** Opening Task data block **

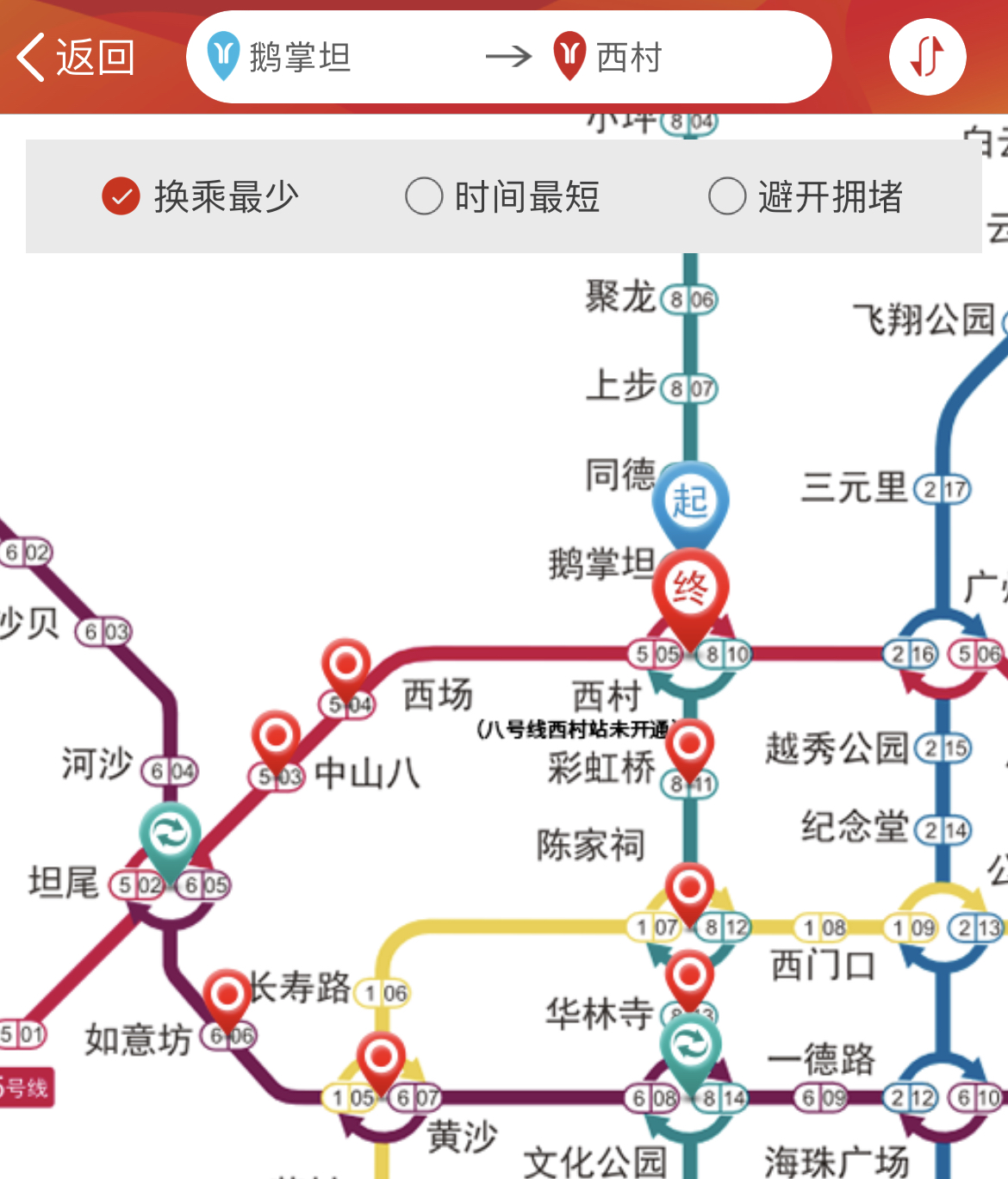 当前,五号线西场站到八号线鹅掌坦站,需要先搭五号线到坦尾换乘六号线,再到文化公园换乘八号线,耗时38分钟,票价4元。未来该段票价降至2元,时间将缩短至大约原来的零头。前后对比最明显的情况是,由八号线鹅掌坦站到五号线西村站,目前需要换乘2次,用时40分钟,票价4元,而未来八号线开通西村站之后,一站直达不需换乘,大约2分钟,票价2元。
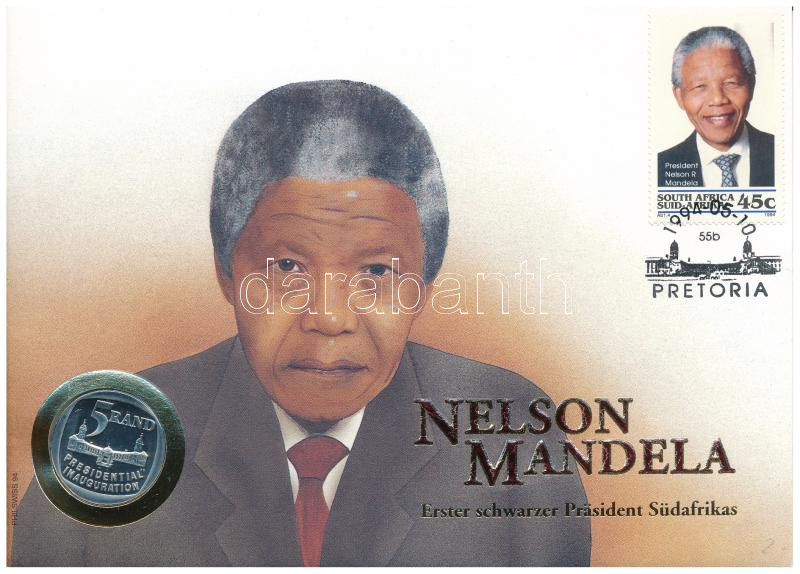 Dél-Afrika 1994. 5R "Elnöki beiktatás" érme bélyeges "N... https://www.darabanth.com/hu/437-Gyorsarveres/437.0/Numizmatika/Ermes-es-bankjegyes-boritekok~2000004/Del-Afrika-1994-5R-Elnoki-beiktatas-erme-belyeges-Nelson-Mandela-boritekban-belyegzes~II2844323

** Closing Task data block **
** Opening Task data block **

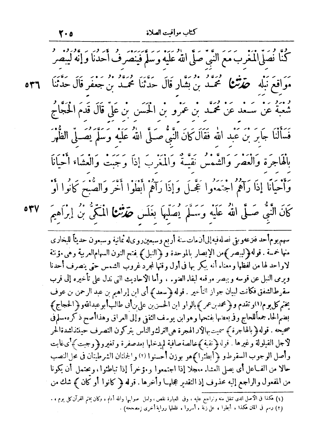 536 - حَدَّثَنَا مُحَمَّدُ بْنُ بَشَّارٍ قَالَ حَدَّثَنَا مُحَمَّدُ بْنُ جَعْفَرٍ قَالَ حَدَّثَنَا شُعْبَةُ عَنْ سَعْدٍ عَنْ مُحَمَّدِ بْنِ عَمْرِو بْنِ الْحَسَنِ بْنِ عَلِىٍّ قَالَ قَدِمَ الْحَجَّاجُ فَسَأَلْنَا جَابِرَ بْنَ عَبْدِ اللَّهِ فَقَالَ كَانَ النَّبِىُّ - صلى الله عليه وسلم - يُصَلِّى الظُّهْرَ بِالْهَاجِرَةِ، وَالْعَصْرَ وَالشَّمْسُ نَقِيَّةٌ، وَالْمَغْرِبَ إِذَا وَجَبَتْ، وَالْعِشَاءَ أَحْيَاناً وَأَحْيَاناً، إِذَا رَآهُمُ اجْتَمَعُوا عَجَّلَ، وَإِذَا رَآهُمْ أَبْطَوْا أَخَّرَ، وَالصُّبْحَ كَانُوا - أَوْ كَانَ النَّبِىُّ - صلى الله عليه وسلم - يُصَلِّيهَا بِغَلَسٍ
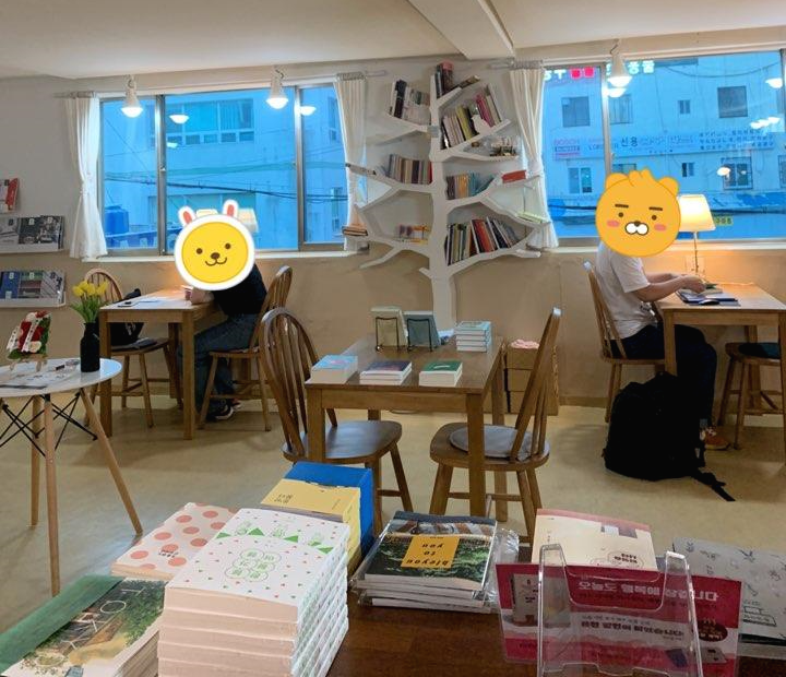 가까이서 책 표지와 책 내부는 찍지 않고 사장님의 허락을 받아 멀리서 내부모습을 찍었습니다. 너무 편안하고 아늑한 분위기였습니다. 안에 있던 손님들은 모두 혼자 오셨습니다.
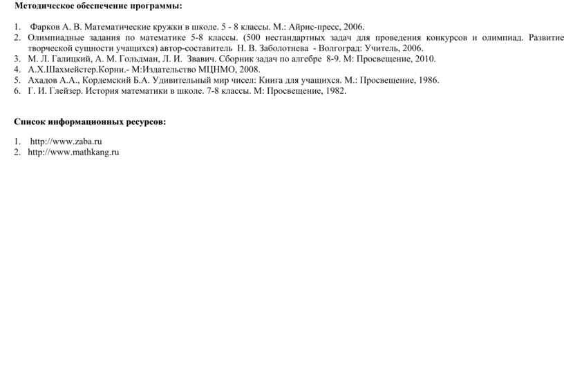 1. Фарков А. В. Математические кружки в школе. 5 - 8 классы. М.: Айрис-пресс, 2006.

** Closing Task data block **

Assignment: Write out again exactly the lines above from the one with "가까이서 책 표지와 책" through the one with "1. Фарков А.", adding no other lines and no pictures.

Problem solution:
 가까이서 책 표지와 책 내부는 찍지 않고 사장님의 허락을 받아 멀리서 내부모습을 찍었습니다. 너무 편안하고 아늑한 분위기였습니다. 안에 있던 손님들은 모두 혼자 오셨습니다.
 1. Фарков А. В. Математические кружки в школе. 5 - 8 классы. М.: Айрис-пресс, 2006.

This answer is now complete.